The Holdfast Bay railway line was a railway in western Adelaide. The line started in the city from the Adelaide railway station, and then headed west. From approximately where Henley Beach Road currently is, the railway then followed an almost direct route to the seaside suburb of Glenelg.

Today, much of the corridor in which the line ran remains as a rail trail for cyclists, which is known as the Westside Bikeway. Part of the north section of the corridor has been built over as James Congdon Drive. A railway platform remains on the site of Plympton station near Marion Road in the suburb of Plympton. The line was closed in 1929, after which remnants remained for some time including rails across Marion Road in the 1950s.
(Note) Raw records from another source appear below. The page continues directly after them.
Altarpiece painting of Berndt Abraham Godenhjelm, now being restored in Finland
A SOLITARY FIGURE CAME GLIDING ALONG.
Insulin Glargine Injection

A signal from the line was preserved and put in the main pavilion of the National Railway Museum, Port Adelaide.

History 

The line was constructed to compete with the existing Glenelg railway line, (now the Glenelg tram line), which ran from Victoria Square. Customer satisfaction on the existing line was becoming low. In response a group which had been attempting to improve conditions on the existing service decided to establish a company and construct a new railway in competition with the existing one.
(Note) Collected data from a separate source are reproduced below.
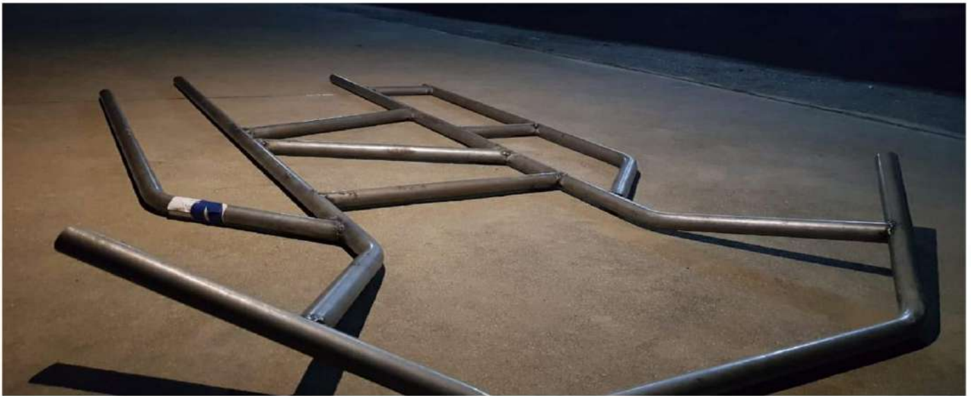
Start of Fabrication
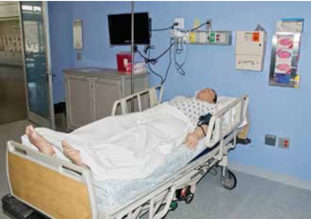
Patient Simulation Learning Center

LCCC and UPRC have formulated a groundwork of success that is both local and affordable.
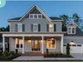
Custom Homes by Homes By Dickerson & Saussy Burbank Only fifteen homesites available.

Fifteen distinct custom homes by two award-winning builders, ready to be personalized to fit your needs. Featuring spacious homesites in a private enclave, you'll see why we saved the best for last.
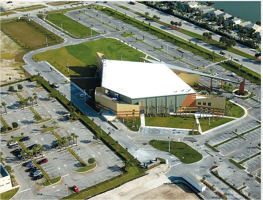
Community Christian Church (Tamarac)
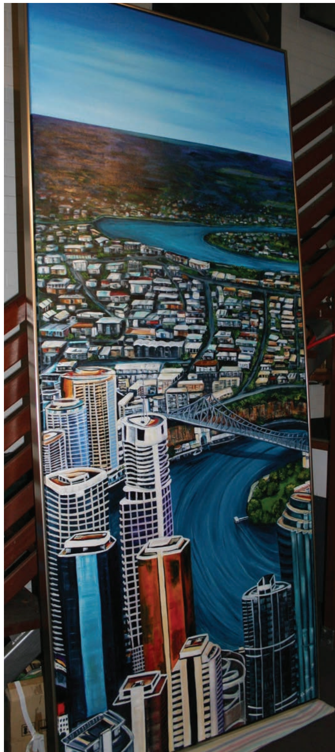
Timber moulding on canvas

Plastic mouldings should be avoided. They have no strength and are not environmentally sustainable. Over time plastic becomes lifeless and brittle.

The Holdfast Bay Railway Company was established and the new line was opened on 24 May 1880 with a depot at St Leonards (now in the suburb of Glenelg North). Trips took only 20 minutes to Glenelg, 5 minutes shorter than the existing line. There were two trains that ran in the morning from Glenelg to Adelaide, and two from Adelaide to Glenelg in the afternoon. The company ran services from the existing Adelaide railway station, paying a fee to use the portion of track owned by the South Australian Railways (SAR) between Adelaide and Mile End stations, with the line branching off just before Mile End station.

Less than a year after the line opened, it was realised there was not enough business to support both companies. On 11 May 1882, the two merged to form the Glenelg Railway Company. A connecting line was laid along Brighton Road with both lines continuing to run services. Business assets such as maintenance facilities were shared to reduce costs, and the South Terrace depot was consequently closed. The Holdfast Bay line was the less profitable of the two, partly due to excessive charges by the SAR for use of its line. Attempts to close the line met with strong opposition as it was argued closure would isolate Glenelg from the rest of the State. To overcome this it was proposed to lay in a connection at Goodwood.

The Glenelg Railway Company was acquired by the SAR and steam services continued, with the Holdfast Bay line duplicated from Mile End to St Leonards by 1914, with raised platforms being provided at most stations. A branch line running across Bay Road (now Anzac Highway) was constructed to provide services to Morphettville Racecourse, though it did not make a connection with the other rail line.

In 1924, William A. Webb, the railways commissioner, proposed that the two Glenelg railways be given to the Municipal Tramways Trust (MTT) and be converted from steam railways into electric tramways. The government, following Mr Webb's recommendation, acquired both railways and electrification of the Glenelg railway line (now the Glenelg tram) began in 1929, taking nine months to finish. On the day when the Glenelg line conversion was completed in December 1929, South Australian Railways stopped running trains on the Holdfast Bay line. After the closure, the MTT began the operation of bus services from the city to Plympton.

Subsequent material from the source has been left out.